Visual Examples of Classes

blah blah do this later

Key Visualizations

Confusion Matrix

F1 Confidence Curve

Training & Validation Loss Curves

Performance Analysis

The model performs consistently well across all 17 classes on the validation dataset, with the lowest mAP50 being stationery at 0.972. The strongest performing classes were tissue and puffed_food (mAP50-95: 0.909, 0.907), likely due to their distinct packaging shapes and high training sample counts.
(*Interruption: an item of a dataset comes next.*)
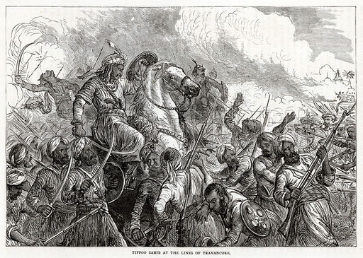 티푸 술탄은 1750년경 마이소르 왕국의 지배자 하이데르 알리의 아들로 태어났다. 그는 군사적 재능을 일찍이 보였으며, 아버지의 프랑스 군사 고문으로부터 훈련을 받았다. 1782년 아버지의 사망 이후 마이소르를 통치하며, 프랑스와 동맹을 맺고 영국 동인도 회사에 대항했다. 그는 군사 기술, 특히 로켓 기술을 발전시켰으며, 상업과 산업을 육성하고 새로운 화폐 제도를 도입하는 등 다양한 개혁을 추진했다. 그러나 영국과의 여러 차례 전쟁에서 패배했고, 1799년 제4차 마이소르 전쟁에서 스리랑가파트나를 지키다 전사했다. 티푸 술탄은 인도에서 논란의 대상이 되기도 하지만, 영국에 맞서 싸운 독립 투사로 칭송받기도 한다.

The weakest performing class was stationery (mAP50: 0.972, mAP50-95: 0.785), which is also the smallest class at 1,466 training images, suggesting performance is partially limited by sample size.

Limitations and Biases

When tested on the external D2S Dataset (wild images), performance dropped significantly. The model missed entire objects, produced low-confidence detections, and misclassified items. For example, it labeled a water bottle as instant_noodles. This suggests the model may have overfit to the specific visual patterns of the training data, or alternatively reflects a domain gap between Asian grocery packaging (training data) and the European products in D2S. Both explanations are plausible and further testing on diverse datasets would be needed to distinguish between them.